Lui (stiamo parlando di Blair) cercherà di conquistare la poltrona di presidente del Consiglio europeo oppure no? E loro (stiamo parlando dei suoi ex colleghi nel Consiglio, i 27 capi di Governo che compongono questo ristretto corpo elettorale) lo vorranno in quell'incarico oppure no?

Con il Trattato di Lisbona in dirittura d'arrivo, questi interrogativi sono usciti dai giochetti dell'Eurosalotto e sono entrati di prepotenza nel dibattito pubblico. La risposta non è facile come potrebbe apparire sulle prime.

Per cominciare, non esiste – ancora – un reale consenso sulle effettive attribuzioni del presidente del Consiglio europeo, ma tutti sanno che sarà il primo a ricoprirlo che ne definirà il ruolo.

È davvero una posizione che richiede qualità da star? Ci vuole davvero uno – come ha detto il ministro degli Esteri britannico David Miliband, perorando la causa di Blair – che sia capace di fermare il traffico a Washington e a Pechino, a Mosca e a Nuova Delhi?

È tutt'altro che scontato che i leader Ue, nella loro vanità, accettino di lasciarsi mettere in ombra da una primadonna di questo genere. Forse preferiranno un personaggio che si attenga pazientemente al programma (o ai 27 programmi) e lavori per costruire quel tipo di confuso consenso che tiene faticosamente in piedi l'Unione. L'imperscrutabile trattato di Lisbona si dilunga su questo punto, ma è irritualmente stringato sul ruolo di rappresentanza.

Ma se è la notorietà globale che vuole l'Ue, Blair certamente può fare al caso suo. Nei dieci anni trascorsi al vertice della politica britannica e internazionale, l'ex premier è stato effettivamente una stella, anche di un firmamento abbastanza fioco. È un argomento accattivante quello di chi sostiene che con il suo mix di conoscenze e charme e il suo stile schietto e diretto Blair consentirebbe all'Ue, finalmente, di pesare sulla scena internazionale per quel che vale.

L'Europa ha bisogno di una voce più convincente se non vuole scivolare nell'irrilevanza geopolitica, in un mondo spartito fra Stati Uniti e Cina. E anche se l'altro ruolo importante creato dal Trattato di Lisbona, quello del capo della politica estera, potrebbe rivelarsi di maggior peso, è tutto da dimostrare che esistano valide alternative alla candidatura di Blair a presidente del Consiglio europeo.

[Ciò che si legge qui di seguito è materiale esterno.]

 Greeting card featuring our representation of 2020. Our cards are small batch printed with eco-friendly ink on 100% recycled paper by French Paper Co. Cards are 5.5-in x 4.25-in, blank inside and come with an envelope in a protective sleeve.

Le obiezioni all'ex primo ministro inglese non nascono – come vorrebbero i Tories – dal fatto che la sua nomina sarebbe vista come un affronto alle sensibilità di Oltremanica. William Hague, ministro degli Esteri ombra ed ex leader del Partito conservatore, dice che se Blair venisse nominato presidente loro lo considererebbero un atto «ostile». Sembra che confonda Bruxelles con il Cremlino del 1980. David Cameron ha adottato un tono più misurato – e lievemente beffardo – dicendo che un futuro governo tory potrebbe lavorare con il presidente, come l'ha definito Cameron stesso in italiano.
No, sono altre le ragioni che sconsigliano di nominare Tony Blair.

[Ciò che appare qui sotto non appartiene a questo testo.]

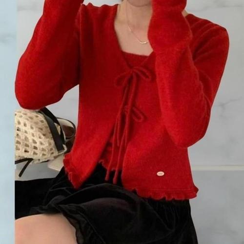 [다잇템]여성 울 스웨터 리본 귀여운 레이스 가디건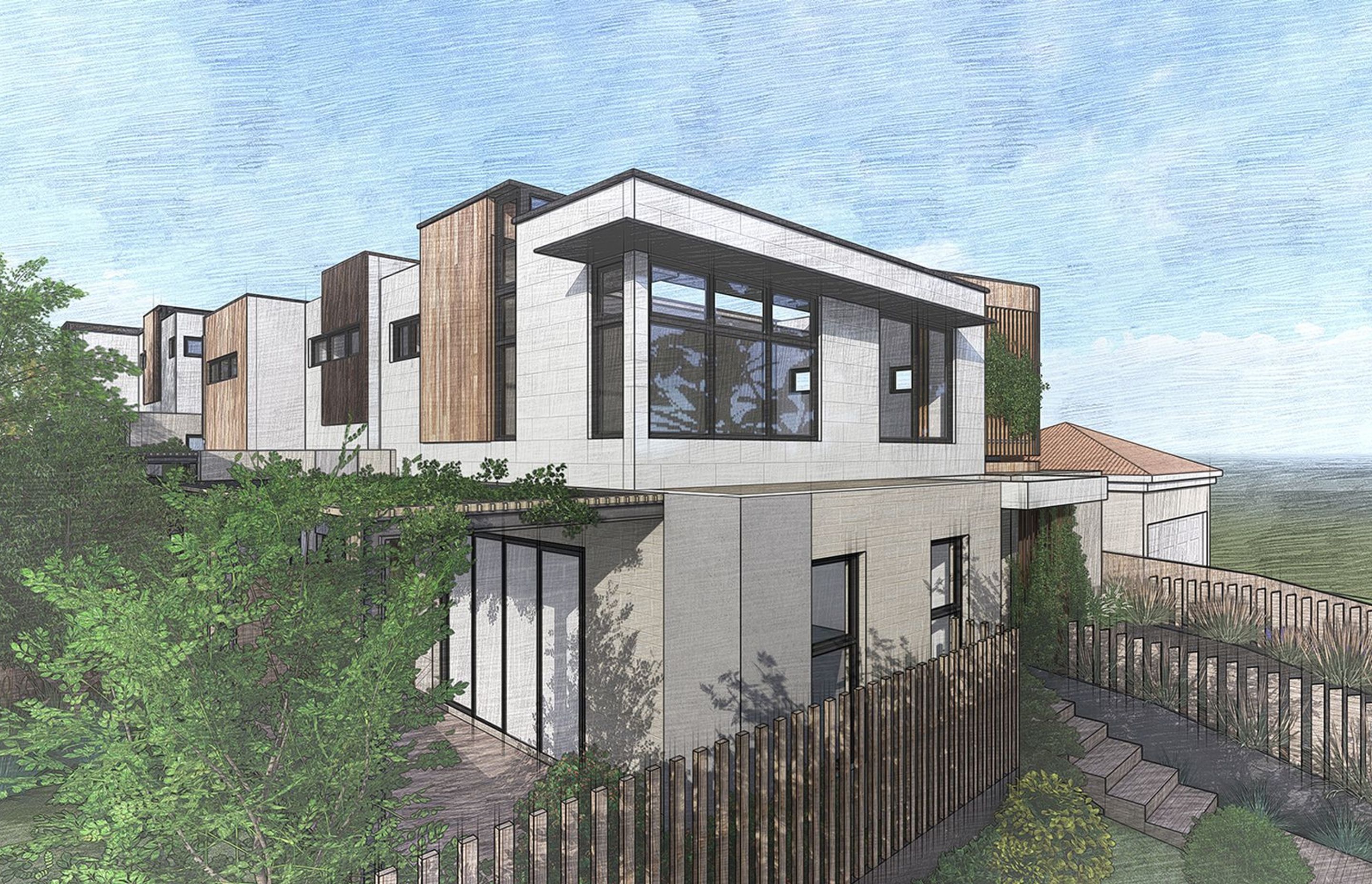 ArchiPro Project Summary - The Oligo: A double storey townhouse development harmonizing modern living with natural elements, featuring timber screens, soft curves for natural light, and sustainable landscaping for enhanced well-being.

La follia dell'Iraq, una guerra non necessaria, sostenuta sulla base di affermazioni false, pesa come un macigno. Oltre al fatto che quell'invasione, compiuta in assenza di provocazioni, ha causato la frattura dell'Iraq come Stato e come società, dando impulso al jihadismo in tutto il Medio Oriente, c'è il fatto che Blair, subordinando il Regno Unito all'incompetente avventurismo dell'amministrazione Bush, non cercò di raggiungere un accordo con i suoi partner europei, dando un grosso contributo alla divisione dell'Unione.

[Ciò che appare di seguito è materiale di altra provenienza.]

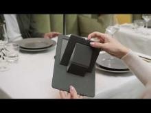Kan bijvoorbeeld gebruikt worden in de horeca voor de presentatie van snel wisselende menukaarten, maar ook als hoogwaardig klembord in praktijken of klinieken en als standaard voor informatiebalies in uiteenlopende branches zoals schoonheidssalons, autodiensten, etc. Menukaart-klembord van polyurethaan (PU), beige, met de afmetingen 16,50 x 23,50 x 1 cm, passend voor het formaat A5.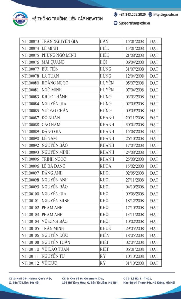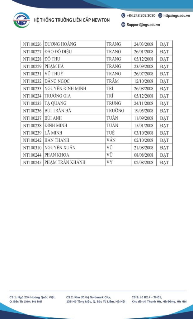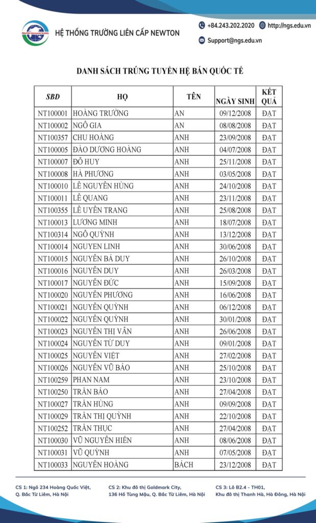 Học sinh không có tên (tức chưa đạt), Quý Phụ huynh có thể đăng kí cho con tham gia đợt đánh giá năng lực tiếp theo tại Phòng Tuyển sinh của nhà trường hoặc đăng kí online tại website: ngs.edu.vn.

Ma oltre alle macerie della catastrofe irachena, Blair ha gettato al vento un'opportunità storica per integrare la Gran Bretagna in Europa e modificare la visione dell'Europa Oltremanica. In un momento in cui i britannici della sua generazione sentivano una familiarità e una dimestichezza con i loro vicini europei che non aveva precedenti, e in un momento in cui tantissimi temi nell'Ue andavano nella direzione più gradita ai britannici, Blair abbandonò qualunque tentativo di convincere l'opinione pubblica interna, rinuncio perfino a perorare la causa pragmatica della condivisione di una piccola porzione della sovranità inglese, preferendo capitolare di fronte ai media euroscettici e sciovinisti. Al momento di lasciare Downing Street, accusò la stampa di aver costretto i dirigenti del Paese a schierarsi nel falso dilemma pro o contro l'Europa: «o isolamento o tradimento». Ma dieci anni fa, dopo la sua travolgente vittoria elettorale, avrebbe potuto attraversare il Canale della Manica a piedi. Leader vuol dire uno che guida, ed è questo che avrebbe dovuto fare.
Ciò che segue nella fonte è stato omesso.